How to Start Teaching Your Kids About Social Media

5 minute read

On May 9, the American Psychological Association (APA) released its first-ever guidelines for teen social-media use: a collection of 10 recommendations for kids, parents, platform creators, and lawmakers to heed for kids’ health online and offline. These include confining social-media use to about an hour before bedtime so as not to interfere with sleep and physical activity, tweaking social-media use and features to match kids’ ages and developmental capabilities, and minimizing exposure to online hate and risky behaviors like self-harm. (Read them all here.)

Basic as they may seem, the guidelines offer solutions to a problem often characterized as unsolvable, says Don Grant, national advisor of healthy device management at Newport Healthcare and a former president of the APA’s Society for Media Psychology & Technology division.
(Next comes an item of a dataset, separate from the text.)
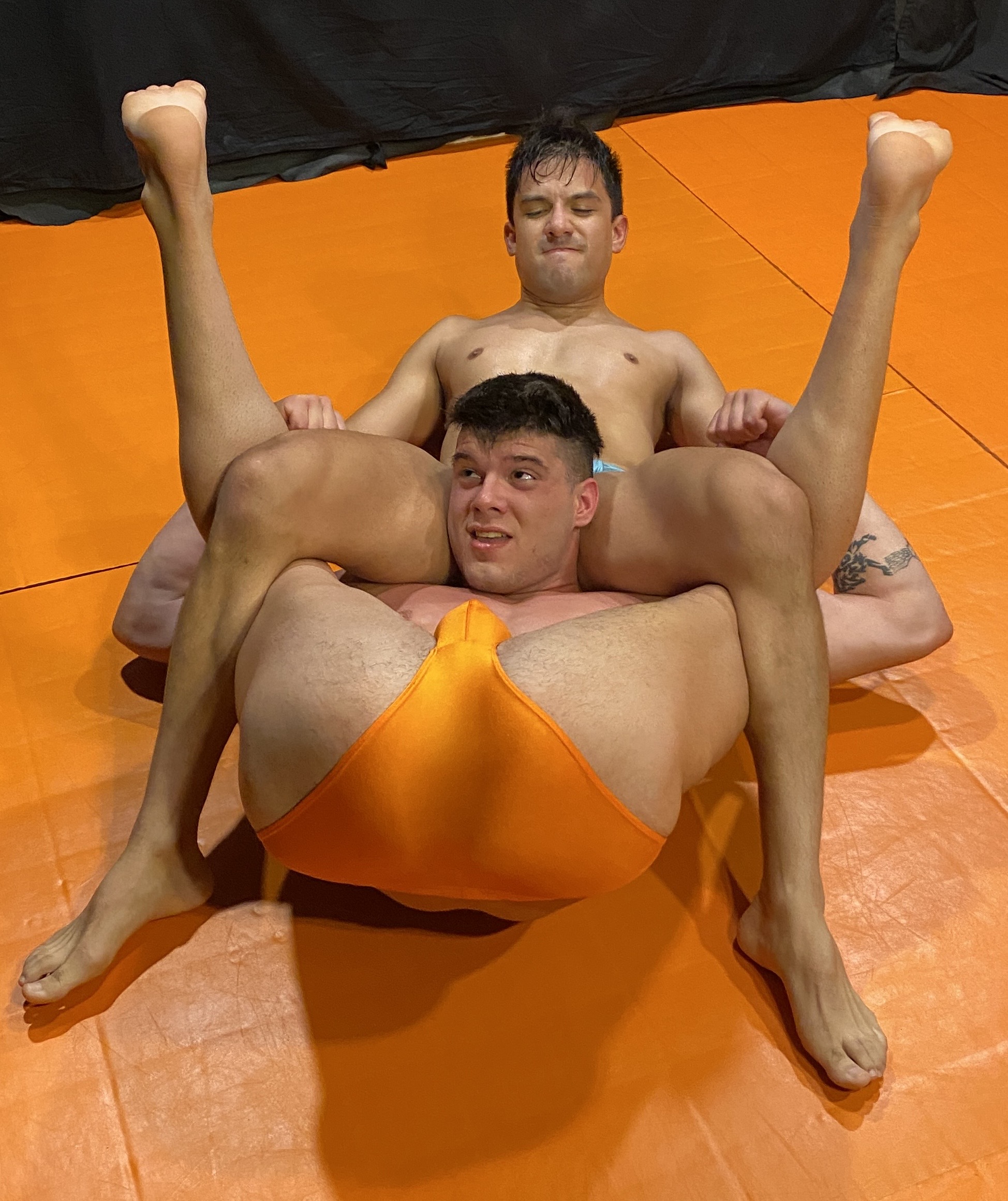 Chad Lambert is 6’4” and 190lbs. Yes fans you read that right! We matched up this towering wall of muscle that is Chad Lambert vs our scrappiest punk Jesse Zane. You may ask, how the F is Jesse gonna measure up against a guy that has THAT much height and muscle? You already know the answer fans, don’t you? Jesse has taken down big men many times before and this match is no different. Cutting down a tall tree with a small ax is a Zane specialty and it is SO hot watching him figure out a way to overcome the size difference and give himself a fighting chance. Jesse comes out of the gate swinging with wild body shots to try and soften up his opponent. Once he’s got Chad on the mat, their size takes a back seat to Jesse’s SKILL. He knows he’s gonna have to use pinpoint precision to try and have a chance. As Jesse cranks an extreme camel clutch and an EXTREME spladle on Chad you know our favorite cruiserweight has got this in the bag! Or does he? Chad bashes back with shots to Jesse’s body and a bearhug that could split the atom. Once he’s bashing Jesse’s body into the wall of the mat room and delivering an extreme camel of his own we knew this wasn’t going to be an easy pin for Jesse. The back and forth is hot but it’s at the hottest when Jesse eventually traps Chad in a dragon sleeper and then finishes him by drilling his neck into the mat. Sit back and take notes fans, Jesse will not be denied!

But “don’t lose sight of the fact that social media is a connector,” says Grant. With a few guardrails in place, social media doesn’t necessarily have to be destructive and addictive for young people.

Balancing a long list of guidelines while maintaining a child’s privacy may seem daunting for parents trying to do right by their teens, but there are a few easy strategies that can help families foster the types of online habits that will satisfy multiple guidelines at once.
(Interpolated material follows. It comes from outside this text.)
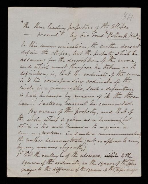 Samuel Hunter Christie, Referee's report by Samuel Hunter Christie, on a paper 'A method of proving the three leading properties of the ellipse and the hyperbola from a well-known property of the circle' by Jonathan Frederick Pollock, 1843, RR/1bis/34, The Royal Society Archives, London, https://makingscience.royalsociety.org/items/rr_1bis_34/referees-report-by-samuel-hunter-christie-on-a-paper-a-method-of-proving-the-three-leading-properties-of-the-ellipse-and-the-hyperbola-from-a-well-known-property-of-the-circle-by-jonathan-frederick-pollock, accessed on 23 January 2026

Here’s how parents can help children create healthy social media habits.

Don’t make your kid go it alone

Be prepared to walk the walk. “You have to model the behavior that you would want to see in your kids,” says Grant. He recommends starting by talking about the values your whole family shares and how they can be best reflected online.

Another great way to get your teen to evaluate their relationship with social-media—and set new boundaries, if needed—is to get other parents and families on board, says Grant. It’s much harder for teens to commit to healthy behaviors and habits if they feel left out. “I tell parents, ’Don’t try to do this alone,’ Because your kid’s gonna say, ‘Why can’t I? Why are these rules [just] for me?’”

Support systems can be small—a duo of best friends, for instance—or as large as a whole school. “If I were running a school, I would have this be included as part of their teaching about digital literacy,” Grant says of the new guidelines.

Educate kids early

One of APA’s new guidelines is to teach children what types of threats they’re likely to encounter online—like misinformation, bullying, and hate speech—before they first log on. Parents are encouraged to use their own judgment to determine an age-appropriate time for these conversations, as well as when to let their children use social media. The first generation of digital natives, who went online as kids around a decade ago, didn’t get any training or warning, says Grant, but parents today can warn their kids about specific online risks. A good social-media primer should include topics such as data privacy, the permanence of online posts, how to recognize misinformation, and how important it is not to compare yourself to others’ online personas.

Look for patterns

The guidelines recommend that parents monitor their kids’ social-media use in early adolescence, around ages 10-14. But kids also need privacy and autonomy, particularly as they get older.

Instead of spying on your kids online, you can get a better idea of how they’re doing just by paying close attention to how they’re acting. “If you look at your child’s nonverbal cues while they’re on social media, you can tell how it’s impacting them,” he says. If there’s a lot of frowning, if their fingers are suddenly moving much more quickly, or if you see any other signs that your kid is stressed or upset while they’re scrolling—like a worse mood after a social-media session—don’t brush it off. It might be time to ask them about how a specific platform, page, or experience is making them feel, Grant says. “Parents need to be the guardrails.”

Don’t paint social media as all bad

“Social media provides teens with abundant opportunities to self-express,” says Grant. This can be especially true for members of marginalized groups who may feel like they lack opportunities to build connections and networks in their local communities. Support the positive experiences your kids have on social media while helping them maintain healthy habits.

Part of this, says Grant, may still mean making sure that kids aren’t spending an unhealthy amount of time online, and that they understand what they’re hoping to get out of every session or interaction. One exercise he recommends for kids and adults alike is to ask yourselves every time you post, “What is your goal? What do you need people to know?” Understanding the instincts and desires that drive you to post can help you spot patterns of unhealthy engagement.